Court Opinion

ID: 4390913
Source: CourtListenerOpinion
Date Created: 2019-04-25 16:38:08.486935+00
Date Added: 2024-06-11T15:05:35.416488
License: Public Domain

Matter of Metellus v Torres-Springer (2019 NY Slip Op 03135)

Matter of Metellus v Torres-Springer

2019 NY Slip Op 03135

Decided on April 25, 2019

Appellate Division, First Department

Published by New York State Law Reporting Bureau pursuant to Judiciary Law § 431.

This opinion is uncorrected and subject to revision before publication in the Official Reports.

Decided on April 25, 2019

Sweeny, J.P., Manzanet-Daniels, Tom, Kapnick, Moulton, JJ.

9086 101719/17

[*1]In re Purple Metellus, Petitioner,
vMaria Torres-Springer, etc., et al., Respondents.

Sanctuary for Families Center for Battered Women's Legal Services, New York (Dana Kaufman of counsel), for petitioner.
Zachary W. Carter, Corporation Counsel, New York (Ellen Ravitch of counsel), for Maria Torres-Springer, respondent.

Determination of respondent Department of Housing Preservation and Development (HPD), dated September 25, 2017, insofar as it granted respondent MPlaza LP's request for a certificate of eviction, unanimously confirmed, the petition denied, and the proceeding brought pursuant to CPLR article 78 (transferred to this Court by order of the Supreme Court, New York County [Shlomo Hagler, J.], entered May 7, 2018), dismissed, without costs.
HPD's determination that the excessive noise caused by occupants or visitors to petitioner's apartment constituted a nuisance, in violation of a previously ordered stipulation during her probationary period, is supported by substantial evidence (see Matter of Haug v State Univ. of N.Y. at Potsdam, 32 NY3d 1044, 1045-1046 [2018]).
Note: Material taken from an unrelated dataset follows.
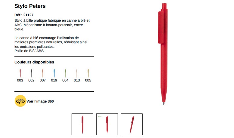 Stylo à bille PETERS (Impression sur 2 zones - Quadrichromie) Lot de 25 pièces

There is ample evidence in the record that petitioner's residence continued to be the source of excessive noise, which the hearing officer found was not credibly refuted by the testimony of petitioner and her son.
Petitioner is not entitled to another or different opportunity to cure the nuisance, having been provided with two previous opportunities to do so, which failed.
We have considered petitioner's remaining arguments and find them unavailing.
THIS CONSTITUTES THE DECISION AND ORDER
OF THE SUPREME COURT, APPELLATE DIVISION, FIRST DEPARTMENT.